**What is required**
With the records below as your source, retype each line exactly from the top down to the line that contains "Im letzten Schuljahr", and include that line.

[Collected data]

------

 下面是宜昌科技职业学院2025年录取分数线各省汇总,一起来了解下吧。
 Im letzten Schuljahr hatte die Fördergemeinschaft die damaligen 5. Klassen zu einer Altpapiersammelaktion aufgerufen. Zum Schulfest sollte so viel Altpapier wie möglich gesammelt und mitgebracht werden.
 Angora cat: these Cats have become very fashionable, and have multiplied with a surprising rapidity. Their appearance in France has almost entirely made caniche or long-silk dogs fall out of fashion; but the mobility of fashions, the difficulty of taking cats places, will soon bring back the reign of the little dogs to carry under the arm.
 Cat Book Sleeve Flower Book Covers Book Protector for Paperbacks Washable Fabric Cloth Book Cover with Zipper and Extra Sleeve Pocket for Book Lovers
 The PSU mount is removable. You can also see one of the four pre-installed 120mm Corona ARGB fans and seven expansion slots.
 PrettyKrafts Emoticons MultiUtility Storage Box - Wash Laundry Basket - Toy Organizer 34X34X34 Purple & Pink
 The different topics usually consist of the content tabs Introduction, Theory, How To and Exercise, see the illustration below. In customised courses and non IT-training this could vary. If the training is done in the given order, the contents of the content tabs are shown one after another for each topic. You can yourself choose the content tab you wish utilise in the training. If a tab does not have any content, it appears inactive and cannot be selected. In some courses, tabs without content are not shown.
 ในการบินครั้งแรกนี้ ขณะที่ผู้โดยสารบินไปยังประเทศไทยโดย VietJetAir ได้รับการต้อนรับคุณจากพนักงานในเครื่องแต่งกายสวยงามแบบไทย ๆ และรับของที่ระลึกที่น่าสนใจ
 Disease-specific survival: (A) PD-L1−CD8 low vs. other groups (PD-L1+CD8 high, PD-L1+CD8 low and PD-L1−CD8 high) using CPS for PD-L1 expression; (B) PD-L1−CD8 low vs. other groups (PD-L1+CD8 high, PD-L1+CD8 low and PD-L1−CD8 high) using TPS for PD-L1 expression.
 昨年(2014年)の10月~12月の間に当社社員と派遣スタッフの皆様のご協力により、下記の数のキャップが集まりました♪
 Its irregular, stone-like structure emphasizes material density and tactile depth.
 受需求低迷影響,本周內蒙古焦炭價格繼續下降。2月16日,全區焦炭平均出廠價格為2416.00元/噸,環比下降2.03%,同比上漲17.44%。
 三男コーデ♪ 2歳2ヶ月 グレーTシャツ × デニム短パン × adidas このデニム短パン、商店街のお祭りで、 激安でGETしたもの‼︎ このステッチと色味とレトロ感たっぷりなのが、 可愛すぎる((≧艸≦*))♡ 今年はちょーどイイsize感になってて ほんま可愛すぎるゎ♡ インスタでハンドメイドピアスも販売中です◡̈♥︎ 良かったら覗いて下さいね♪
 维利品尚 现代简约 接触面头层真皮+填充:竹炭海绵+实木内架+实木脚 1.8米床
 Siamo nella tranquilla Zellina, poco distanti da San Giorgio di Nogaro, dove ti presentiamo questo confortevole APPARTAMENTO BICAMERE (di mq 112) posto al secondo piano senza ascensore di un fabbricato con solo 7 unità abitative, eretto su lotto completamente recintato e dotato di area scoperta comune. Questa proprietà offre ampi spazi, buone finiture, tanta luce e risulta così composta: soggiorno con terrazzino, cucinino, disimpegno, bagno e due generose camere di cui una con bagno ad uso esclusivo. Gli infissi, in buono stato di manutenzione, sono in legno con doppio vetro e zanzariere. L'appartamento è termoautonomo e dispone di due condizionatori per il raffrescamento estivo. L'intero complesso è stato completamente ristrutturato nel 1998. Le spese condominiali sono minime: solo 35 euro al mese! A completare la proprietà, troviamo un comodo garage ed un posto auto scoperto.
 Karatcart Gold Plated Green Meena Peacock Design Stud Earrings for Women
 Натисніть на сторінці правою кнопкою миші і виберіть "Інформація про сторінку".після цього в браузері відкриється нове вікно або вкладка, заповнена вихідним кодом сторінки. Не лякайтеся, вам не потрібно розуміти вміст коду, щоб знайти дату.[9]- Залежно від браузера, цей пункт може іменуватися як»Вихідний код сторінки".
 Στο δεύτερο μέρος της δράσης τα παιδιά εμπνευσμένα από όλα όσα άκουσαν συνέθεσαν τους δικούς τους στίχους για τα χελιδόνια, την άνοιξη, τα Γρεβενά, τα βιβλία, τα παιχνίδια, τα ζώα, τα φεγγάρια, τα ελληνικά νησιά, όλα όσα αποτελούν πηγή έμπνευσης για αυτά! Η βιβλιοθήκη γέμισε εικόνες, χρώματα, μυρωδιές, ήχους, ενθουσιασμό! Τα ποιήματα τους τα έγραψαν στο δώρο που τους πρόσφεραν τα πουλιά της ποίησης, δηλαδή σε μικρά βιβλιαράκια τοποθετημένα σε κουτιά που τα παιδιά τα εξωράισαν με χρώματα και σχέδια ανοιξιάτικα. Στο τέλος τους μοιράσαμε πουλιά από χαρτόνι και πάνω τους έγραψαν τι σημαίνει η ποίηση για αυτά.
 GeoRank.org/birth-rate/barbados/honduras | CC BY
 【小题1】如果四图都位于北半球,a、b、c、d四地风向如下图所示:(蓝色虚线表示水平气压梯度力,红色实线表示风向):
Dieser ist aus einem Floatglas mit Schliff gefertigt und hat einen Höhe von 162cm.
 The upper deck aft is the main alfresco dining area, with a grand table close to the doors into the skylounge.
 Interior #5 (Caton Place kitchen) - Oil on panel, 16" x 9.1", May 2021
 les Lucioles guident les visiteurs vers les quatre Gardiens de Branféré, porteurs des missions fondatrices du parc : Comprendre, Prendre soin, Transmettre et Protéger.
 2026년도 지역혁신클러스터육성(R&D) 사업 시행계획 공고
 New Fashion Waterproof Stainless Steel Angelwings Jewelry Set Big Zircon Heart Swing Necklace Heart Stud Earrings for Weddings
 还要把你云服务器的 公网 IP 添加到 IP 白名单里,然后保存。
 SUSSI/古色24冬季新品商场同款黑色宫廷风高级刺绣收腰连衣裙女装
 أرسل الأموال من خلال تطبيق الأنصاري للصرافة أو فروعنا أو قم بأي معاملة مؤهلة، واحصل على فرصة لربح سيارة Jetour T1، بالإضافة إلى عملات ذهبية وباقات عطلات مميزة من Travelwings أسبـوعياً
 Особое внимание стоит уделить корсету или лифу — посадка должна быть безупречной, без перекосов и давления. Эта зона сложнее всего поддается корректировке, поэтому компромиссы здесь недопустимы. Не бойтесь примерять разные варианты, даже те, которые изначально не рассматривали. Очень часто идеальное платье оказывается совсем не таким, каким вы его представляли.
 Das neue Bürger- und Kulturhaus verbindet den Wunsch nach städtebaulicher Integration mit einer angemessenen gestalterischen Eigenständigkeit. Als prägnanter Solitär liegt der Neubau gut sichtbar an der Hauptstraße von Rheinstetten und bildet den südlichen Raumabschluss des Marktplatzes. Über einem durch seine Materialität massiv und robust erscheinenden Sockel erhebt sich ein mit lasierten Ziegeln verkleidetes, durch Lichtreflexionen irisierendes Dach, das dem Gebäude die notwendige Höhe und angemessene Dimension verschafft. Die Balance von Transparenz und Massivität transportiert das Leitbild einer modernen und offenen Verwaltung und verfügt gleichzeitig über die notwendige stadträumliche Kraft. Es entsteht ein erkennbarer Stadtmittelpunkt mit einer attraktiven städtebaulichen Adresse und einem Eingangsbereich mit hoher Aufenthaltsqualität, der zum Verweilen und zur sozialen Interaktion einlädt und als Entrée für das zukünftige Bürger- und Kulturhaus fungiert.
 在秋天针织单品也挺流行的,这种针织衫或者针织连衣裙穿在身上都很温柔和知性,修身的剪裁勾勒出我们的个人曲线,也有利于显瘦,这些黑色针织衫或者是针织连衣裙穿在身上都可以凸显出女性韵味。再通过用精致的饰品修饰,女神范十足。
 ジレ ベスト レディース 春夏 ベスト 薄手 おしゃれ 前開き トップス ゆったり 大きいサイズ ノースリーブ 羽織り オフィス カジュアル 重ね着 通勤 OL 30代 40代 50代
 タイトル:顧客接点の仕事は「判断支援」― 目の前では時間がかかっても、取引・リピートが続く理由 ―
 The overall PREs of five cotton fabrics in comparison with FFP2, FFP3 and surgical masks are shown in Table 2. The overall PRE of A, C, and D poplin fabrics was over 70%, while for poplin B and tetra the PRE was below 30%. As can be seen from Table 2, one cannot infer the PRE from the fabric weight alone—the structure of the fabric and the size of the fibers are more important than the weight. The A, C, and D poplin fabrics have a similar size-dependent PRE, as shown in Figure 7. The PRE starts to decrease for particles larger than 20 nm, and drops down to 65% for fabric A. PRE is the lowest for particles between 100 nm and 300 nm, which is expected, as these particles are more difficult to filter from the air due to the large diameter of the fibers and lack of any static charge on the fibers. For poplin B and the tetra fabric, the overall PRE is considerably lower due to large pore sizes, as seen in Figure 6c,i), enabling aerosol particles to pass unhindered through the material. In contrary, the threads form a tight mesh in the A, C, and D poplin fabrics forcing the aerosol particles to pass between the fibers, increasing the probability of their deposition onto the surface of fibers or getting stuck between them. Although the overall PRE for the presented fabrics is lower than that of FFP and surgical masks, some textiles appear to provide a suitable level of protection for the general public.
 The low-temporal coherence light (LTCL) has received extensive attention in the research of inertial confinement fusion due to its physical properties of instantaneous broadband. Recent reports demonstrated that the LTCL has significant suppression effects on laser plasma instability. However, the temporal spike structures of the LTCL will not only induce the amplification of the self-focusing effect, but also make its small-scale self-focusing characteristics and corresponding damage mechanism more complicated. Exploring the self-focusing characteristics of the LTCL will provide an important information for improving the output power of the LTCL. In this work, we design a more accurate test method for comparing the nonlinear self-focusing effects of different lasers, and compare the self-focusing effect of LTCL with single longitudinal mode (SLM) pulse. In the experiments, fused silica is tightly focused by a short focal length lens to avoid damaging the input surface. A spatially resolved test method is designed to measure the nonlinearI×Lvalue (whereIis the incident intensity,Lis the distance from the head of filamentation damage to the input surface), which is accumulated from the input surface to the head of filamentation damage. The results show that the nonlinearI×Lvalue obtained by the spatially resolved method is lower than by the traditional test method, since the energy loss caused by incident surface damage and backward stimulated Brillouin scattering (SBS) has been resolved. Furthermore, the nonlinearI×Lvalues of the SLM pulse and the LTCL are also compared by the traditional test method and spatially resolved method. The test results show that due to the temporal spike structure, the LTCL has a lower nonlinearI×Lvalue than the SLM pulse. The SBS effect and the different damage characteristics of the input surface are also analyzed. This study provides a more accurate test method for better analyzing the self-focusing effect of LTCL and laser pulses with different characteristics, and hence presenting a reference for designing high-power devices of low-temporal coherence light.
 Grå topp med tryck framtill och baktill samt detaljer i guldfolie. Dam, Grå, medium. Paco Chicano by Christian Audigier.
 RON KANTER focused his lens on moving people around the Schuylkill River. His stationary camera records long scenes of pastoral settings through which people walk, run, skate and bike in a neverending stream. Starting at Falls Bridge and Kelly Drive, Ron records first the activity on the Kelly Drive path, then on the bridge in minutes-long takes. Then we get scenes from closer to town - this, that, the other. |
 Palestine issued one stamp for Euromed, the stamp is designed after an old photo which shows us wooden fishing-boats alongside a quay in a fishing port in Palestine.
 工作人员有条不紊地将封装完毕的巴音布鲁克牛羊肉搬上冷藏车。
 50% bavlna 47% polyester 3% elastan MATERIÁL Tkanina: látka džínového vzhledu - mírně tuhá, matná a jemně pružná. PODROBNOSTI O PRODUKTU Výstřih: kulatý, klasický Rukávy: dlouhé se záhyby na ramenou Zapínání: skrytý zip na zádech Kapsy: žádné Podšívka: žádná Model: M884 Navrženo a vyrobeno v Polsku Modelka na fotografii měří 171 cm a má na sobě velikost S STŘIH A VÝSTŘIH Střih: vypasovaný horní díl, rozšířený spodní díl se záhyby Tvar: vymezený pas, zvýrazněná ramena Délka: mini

------

**Completed exercise**
 下面是宜昌科技职业学院2025年录取分数线各省汇总,一起来了解下吧。
 Im letzten Schuljahr hatte die Fördergemeinschaft die damaligen 5. Klassen zu einer Altpapiersammelaktion aufgerufen. Zum Schulfest sollte so viel Altpapier wie möglich gesammelt und mitgebracht werden.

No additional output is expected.